With this short-term solution to poverty signed into law, Democrats interested in reducing poverty over the long term could soon push for some of the bill’s provisions — like the enhanced tax credits — to extend beyond 2021. “Many liberals hope these policies can be made permanent so this income boost does not disappear in 2022,” per The Washington Post.
“If these programs do stick around, it raises questions about whether Democrats should be paying for them and not treating them like they are emergency relief. But advocates on the left point out that if America’s safety net were better, not as many people would have fallen into such a difficult situation during the pandemic and the nation would not need as large of a response.”
Some have already begun down that path. As the Post’s Erica Werner observed, Democrats once touted the bill as a necessary response to a calamitous, rare situation. “But then,” she wrote, “the language began to shift to something much different: an anti-poverty measure with few precedents in U.S. history.” House Ways and Means Committee Chairman Richard E. Neal, D-Mass., Werner’s story noted, claimed “We are going to change lives with this legislation”; Rep. Ro Khanna, D-Calif., described the bill as “an ideological revolution on behalf of justice,” Werner added. And House Speaker Nancy Pelosi, D-Calif., called it potentially more consequential than the Affordable Care Act. “The Democrats’ comments seemed to confirm — even endorse — GOP complaints that the sprawling bill does more to address long-held liberal priorities,” Werner continued, “than attack the twin economic and health care crises brought on by the coronavirus pandemic.”

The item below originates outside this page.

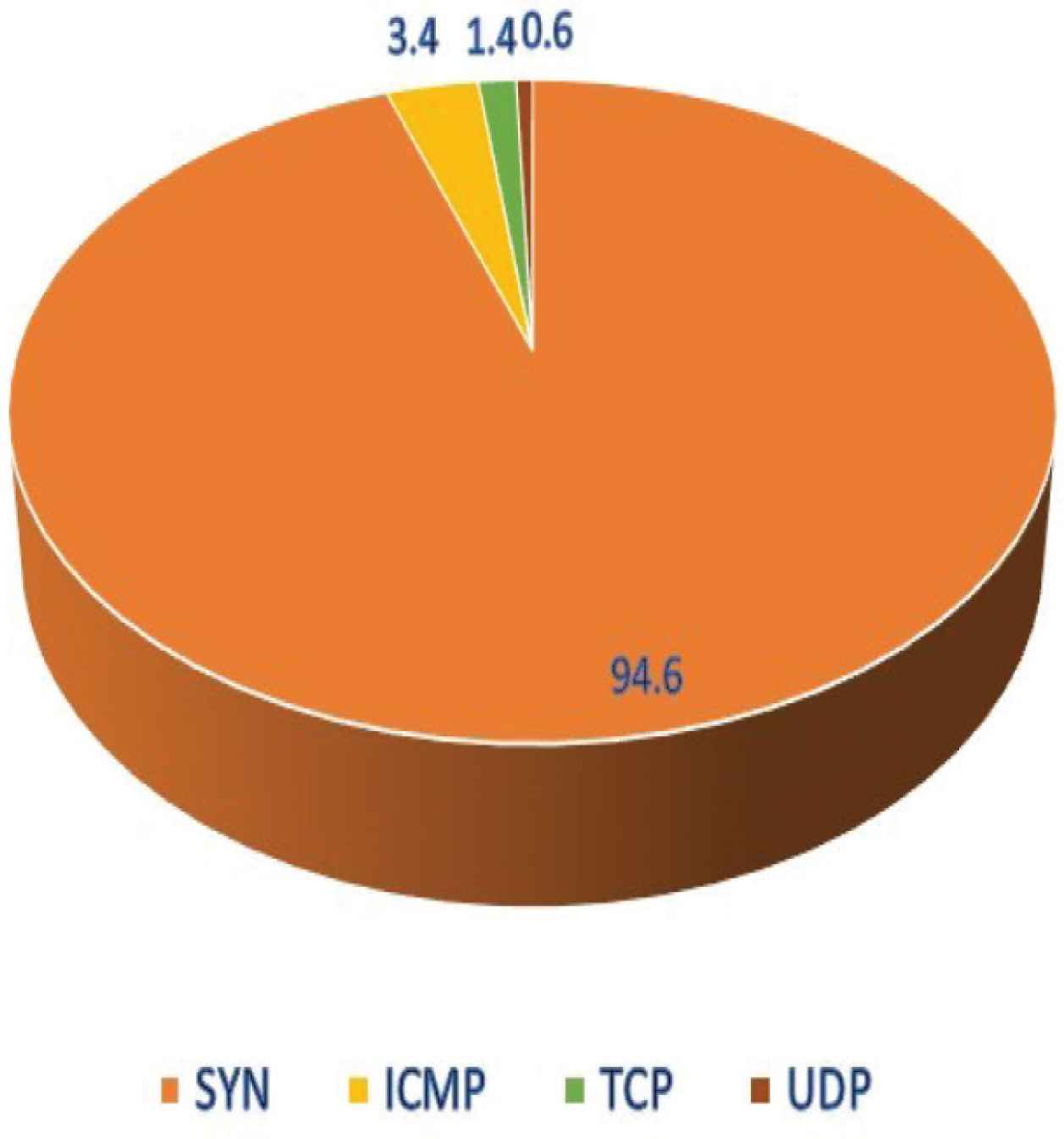 Syn Flood Attacks are the most common DDoS attack among all. Figure 8 shows the pictorial representation of various DDoS attacks depicted in pie chart using the 2018–2020 statistics [6]:

But it does, foremost, address the pandemic. COVID-19, per Politico, is the nexus of this opportunity for Democrats; it’s a major component of what brought Biden to a new position on America’s safety net. “Part of Biden’s evolution on welfare spending is tied to the pandemic and the massive economic hole that it has caused,” the authors wrote. “But,” they admit, “another part of it reflects the evolution the Democratic Party has undergone in recent years. Once fearful of race-baiting rhetoric on supposedly lazy ‘welfare queens,’ the party now is largely unapologetic about spending money to strengthen the social safety net.”
Perhaps Biden will offer some added clarity on his administration’s long-term anti-poverty goals during Thursday night’s speech, or perhaps he’ll focus more on celebrating what’s already been done. Regardless, the American Rescue Plan marks a milestone in the country’s approach to poverty, whether its provisions — or its spirit — last or not.
Vox senior correspondent Dylan Matthews, rather than follow Schumer’s lead and compare the American Rescue Plan to Franklin D. Roosevelt’s New Deal, instead opted for an (extensive) comparison to Lyndon B. Johnson’s War on Poverty. “Biden has begun a second war on poverty,” he wrote, “and he has a short window in which to keep waging it.